* [AIM OF THE EXERCISE]: Please repeat exactly the lines below from the line with "修学旅行3日目の朝を迎えまし" to the line with "國際旅行商在文創(chuàng)店內(nèi)購買紀(jì)念品。", including both, and leave out every picture.

* [EXERCISE MATERIAL]:
[Start of Attachment]
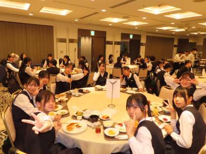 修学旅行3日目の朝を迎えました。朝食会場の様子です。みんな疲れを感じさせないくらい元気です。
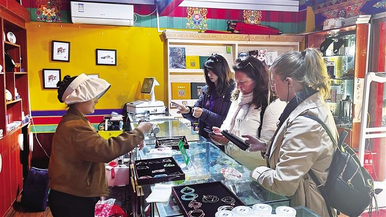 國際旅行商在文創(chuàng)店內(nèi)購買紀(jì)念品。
[End of Attachment]
[Start of Attachment]
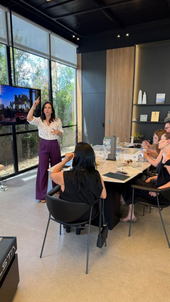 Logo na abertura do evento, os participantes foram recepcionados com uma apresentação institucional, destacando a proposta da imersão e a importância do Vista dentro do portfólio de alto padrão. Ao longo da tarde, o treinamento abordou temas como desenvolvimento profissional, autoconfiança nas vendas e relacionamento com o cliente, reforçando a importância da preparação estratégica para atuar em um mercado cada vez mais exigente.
[End of Attachment]
* [ANSWER TO THE EXERCISE]:
 修学旅行3日目の朝を迎えました。朝食会場の様子です。みんな疲れを感じさせないくらい元気です。
 國際旅行商在文創(chuàng)店內(nèi)購買紀(jì)念品。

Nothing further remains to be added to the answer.